### Work order
What you give back from the listing below should be an exact copy of the lines from the one with "- High-stress conditions" down to the one with "Alice took James", and it should contain no pictures.

BEGIN Data supplied

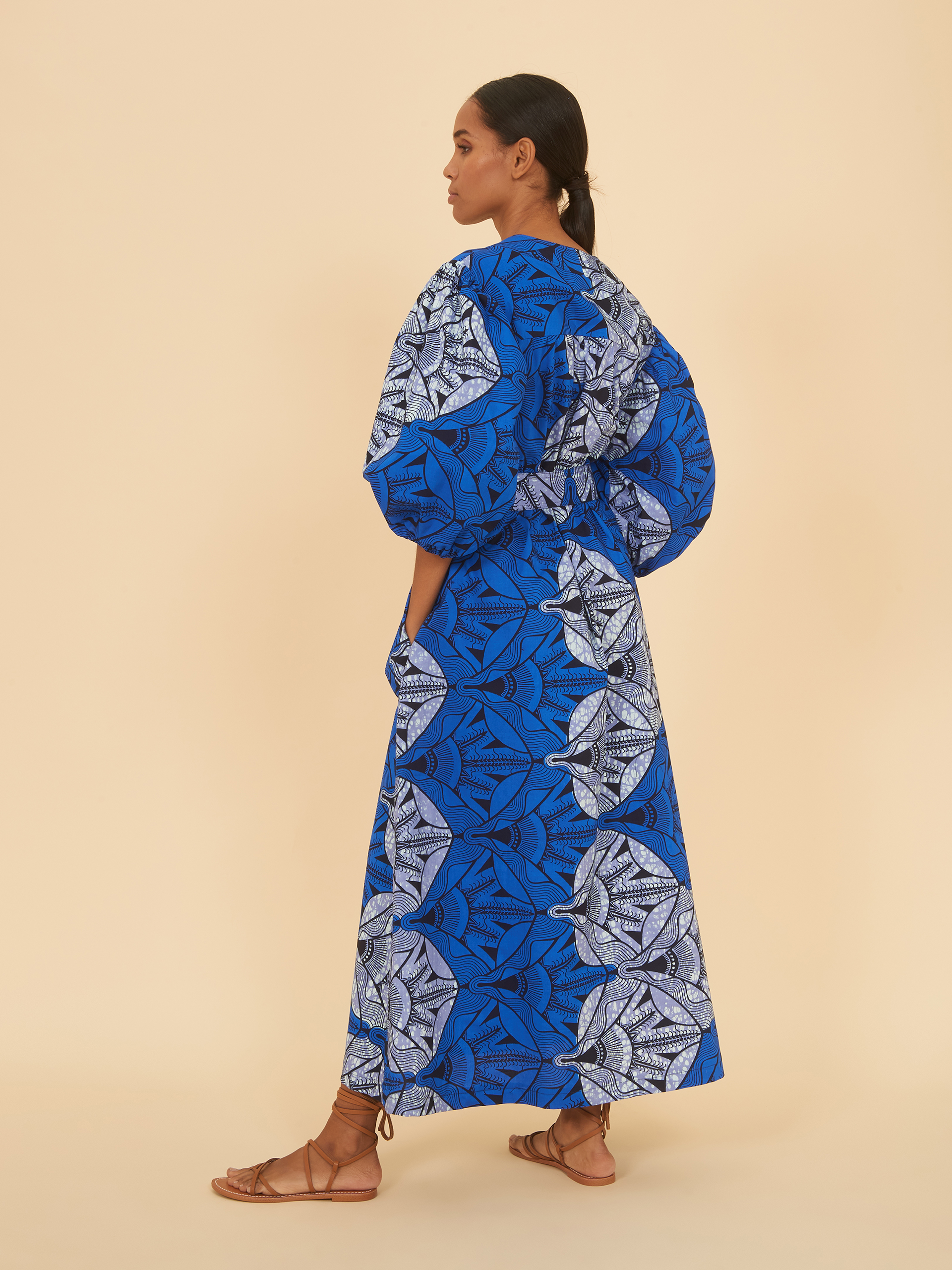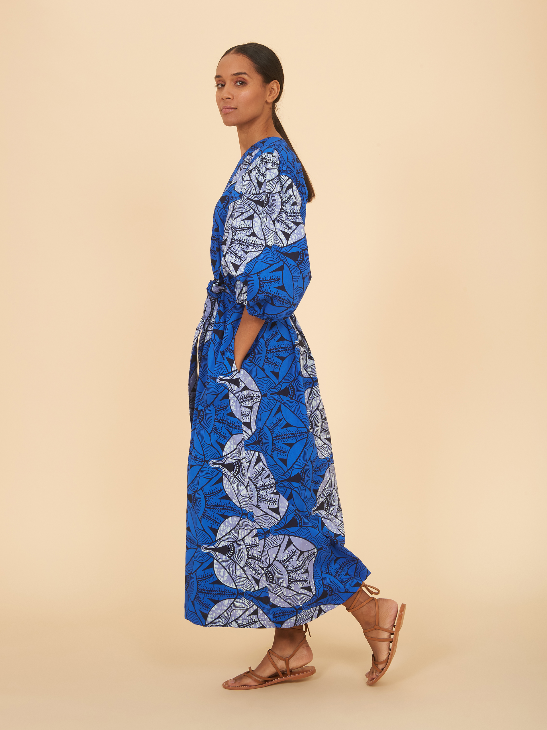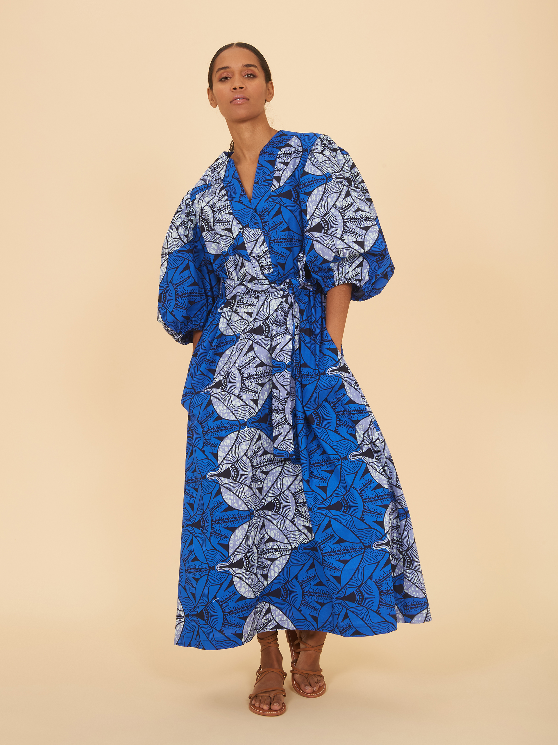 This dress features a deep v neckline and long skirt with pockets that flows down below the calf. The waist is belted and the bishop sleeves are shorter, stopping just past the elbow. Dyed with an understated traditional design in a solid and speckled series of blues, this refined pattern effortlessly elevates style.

END Data supplied
BEGIN Data supplied

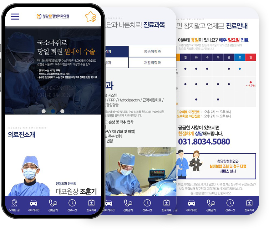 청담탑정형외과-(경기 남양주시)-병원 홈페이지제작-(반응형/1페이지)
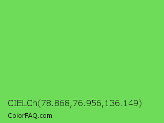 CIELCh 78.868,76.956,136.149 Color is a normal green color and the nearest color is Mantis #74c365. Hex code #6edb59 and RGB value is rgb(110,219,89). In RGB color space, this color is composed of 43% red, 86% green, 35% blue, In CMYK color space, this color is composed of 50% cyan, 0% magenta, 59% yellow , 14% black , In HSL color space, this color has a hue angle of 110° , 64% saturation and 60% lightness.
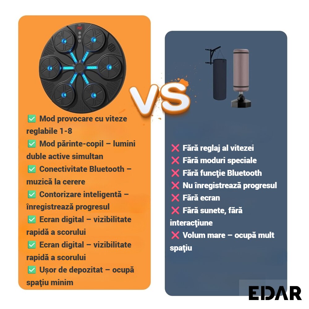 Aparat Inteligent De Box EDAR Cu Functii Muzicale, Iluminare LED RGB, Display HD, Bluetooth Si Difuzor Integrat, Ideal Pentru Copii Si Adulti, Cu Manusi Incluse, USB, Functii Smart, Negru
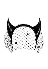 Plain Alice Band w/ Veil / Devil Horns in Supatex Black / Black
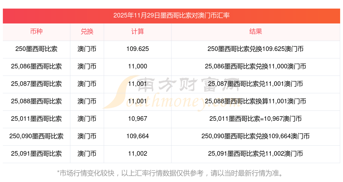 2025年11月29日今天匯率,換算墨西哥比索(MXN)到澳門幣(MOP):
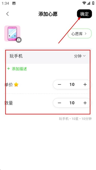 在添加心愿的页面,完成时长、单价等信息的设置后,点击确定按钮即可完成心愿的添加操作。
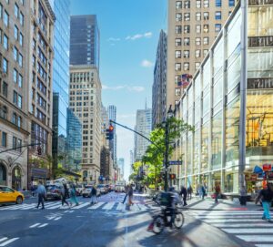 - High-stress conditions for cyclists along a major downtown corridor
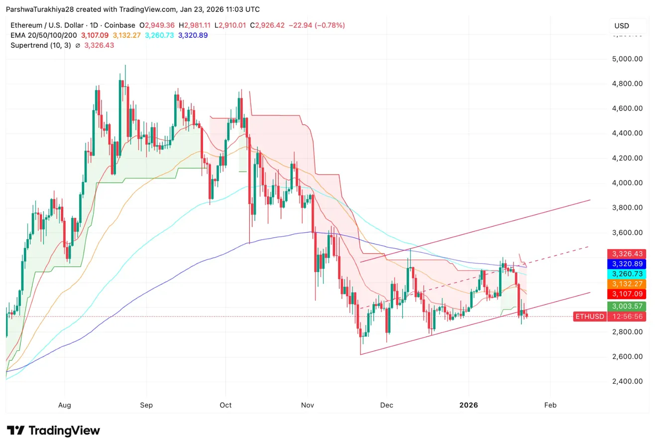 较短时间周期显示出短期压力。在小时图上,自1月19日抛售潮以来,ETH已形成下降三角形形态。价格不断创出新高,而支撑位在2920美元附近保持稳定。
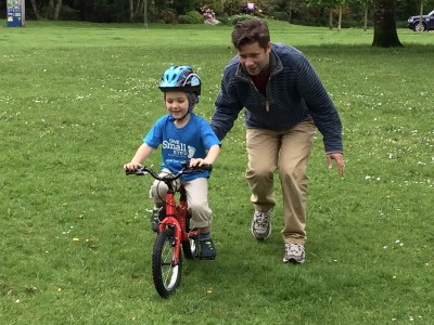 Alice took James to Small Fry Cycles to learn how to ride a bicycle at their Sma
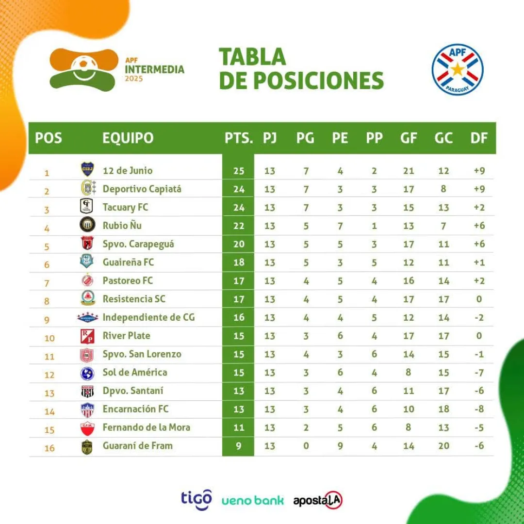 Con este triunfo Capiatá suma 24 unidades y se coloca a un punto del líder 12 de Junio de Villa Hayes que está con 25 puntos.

END Data supplied

### Final answer
 - High-stress conditions for cyclists along a major downtown corridor
 较短时间周期显示出短期压力。在小时图上,自1月19日抛售潮以来,ETH已形成下降三角形形态。价格不断创出新高,而支撑位在2920美元附近保持稳定。
 Alice took James to Small Fry Cycles to learn how to ride a bicycle at their Sma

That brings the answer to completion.